(SOURCE MATERIAL begins)

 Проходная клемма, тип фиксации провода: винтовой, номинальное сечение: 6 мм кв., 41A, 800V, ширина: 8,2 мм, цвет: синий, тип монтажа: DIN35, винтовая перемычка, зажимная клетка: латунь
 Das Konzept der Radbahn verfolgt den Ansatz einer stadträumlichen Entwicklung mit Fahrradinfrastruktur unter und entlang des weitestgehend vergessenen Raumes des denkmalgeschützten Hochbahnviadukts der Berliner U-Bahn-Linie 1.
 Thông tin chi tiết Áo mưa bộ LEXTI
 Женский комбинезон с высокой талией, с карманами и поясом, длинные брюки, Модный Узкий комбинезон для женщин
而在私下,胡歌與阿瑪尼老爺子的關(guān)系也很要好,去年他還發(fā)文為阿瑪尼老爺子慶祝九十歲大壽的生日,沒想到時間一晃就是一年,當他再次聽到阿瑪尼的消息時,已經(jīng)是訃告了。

(SOURCE MATERIAL ends)
(SOURCE MATERIAL begins)

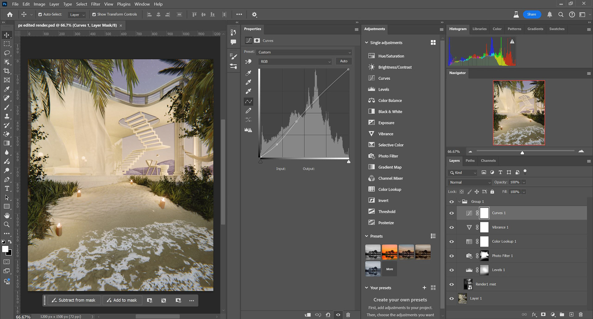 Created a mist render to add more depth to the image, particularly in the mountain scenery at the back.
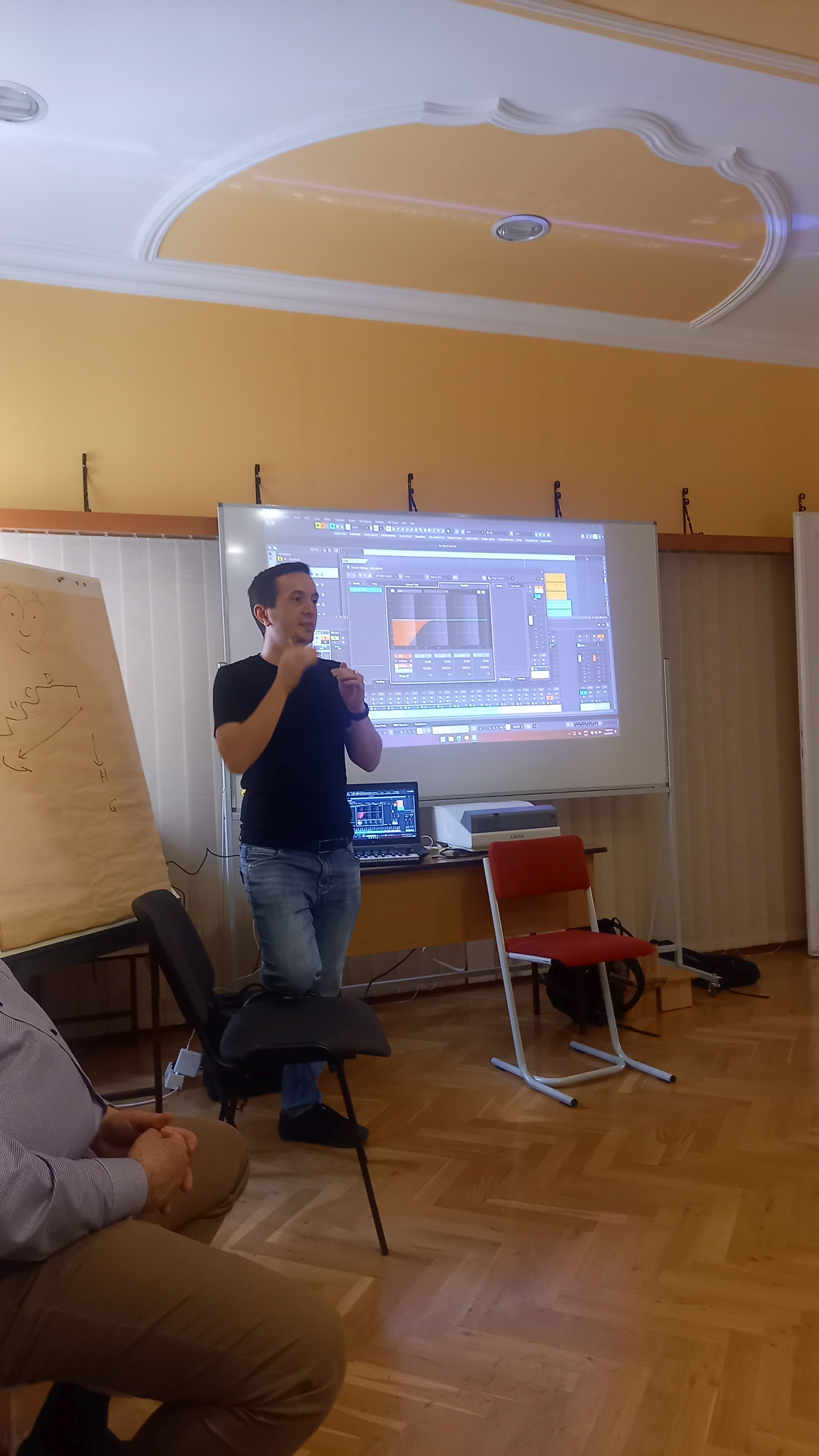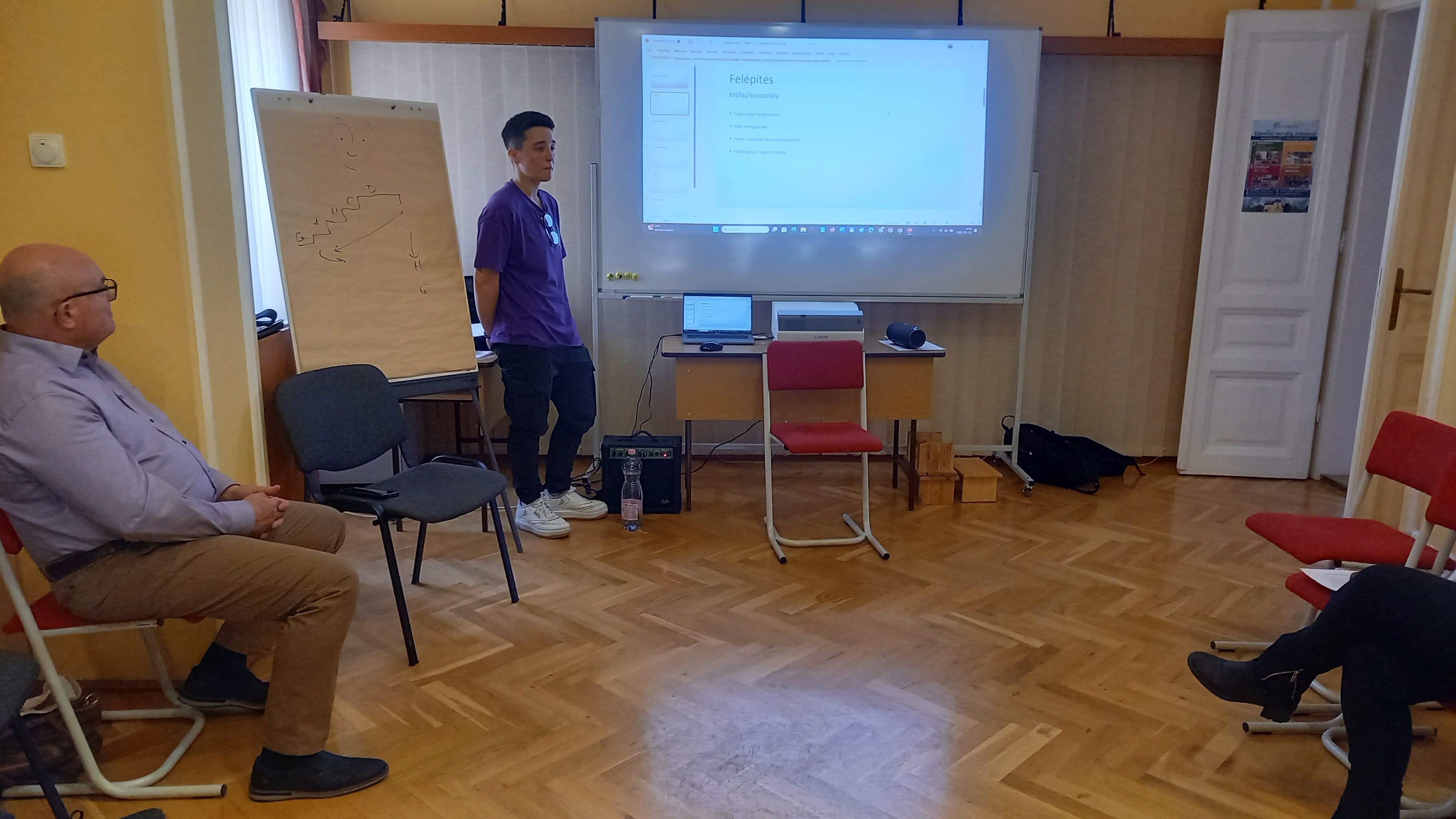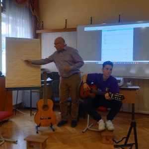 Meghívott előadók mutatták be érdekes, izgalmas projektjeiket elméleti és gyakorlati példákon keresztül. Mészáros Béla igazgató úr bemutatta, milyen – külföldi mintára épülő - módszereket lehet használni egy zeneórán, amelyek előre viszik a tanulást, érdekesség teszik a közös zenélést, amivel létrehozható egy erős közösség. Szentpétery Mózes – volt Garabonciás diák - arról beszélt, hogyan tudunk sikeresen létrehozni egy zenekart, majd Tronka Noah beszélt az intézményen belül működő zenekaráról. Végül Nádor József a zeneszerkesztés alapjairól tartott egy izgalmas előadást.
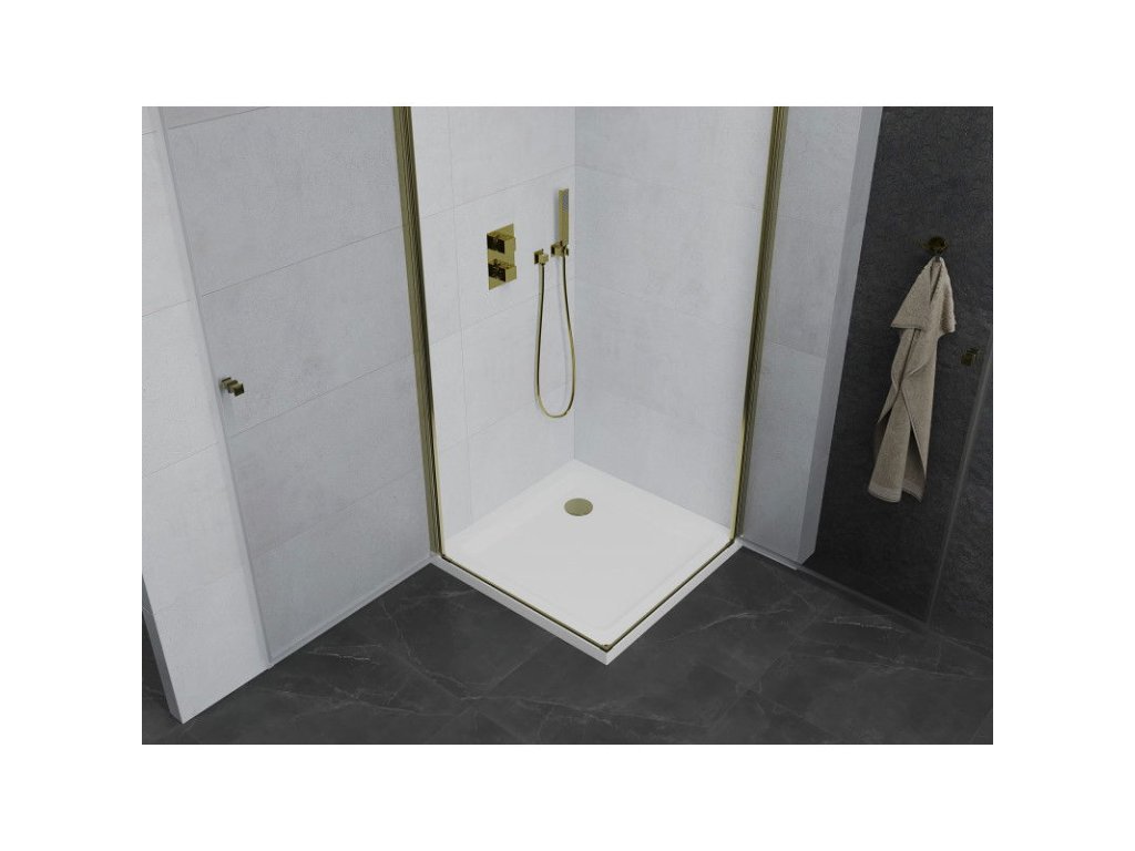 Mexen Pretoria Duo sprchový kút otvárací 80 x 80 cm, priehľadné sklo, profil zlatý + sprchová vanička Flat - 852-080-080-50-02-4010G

(SOURCE MATERIAL ends)

- WHAT THE EXERCISE ASKS
Produce a word-for-word copy of everything above from the line holding "Thông tin chi tiết Áo mưa bộ LEXTI" down to the line holding "而在私下,胡歌與阿瑪尼老爺子", with both of those lines kept.

- EXERCISE ANSWER
 Thông tin chi tiết Áo mưa bộ LEXTI
 Женский комбинезон с высокой талией, с карманами и поясом, длинные брюки, Модный Узкий комбинезон для женщин
而在私下,胡歌與阿瑪尼老爺子的關(guān)系也很要好,去年他還發(fā)文為阿瑪尼老爺子慶祝九十歲大壽的生日,沒想到時間一晃就是一年,當他再次聽到阿瑪尼的消息時,已經(jīng)是訃告了。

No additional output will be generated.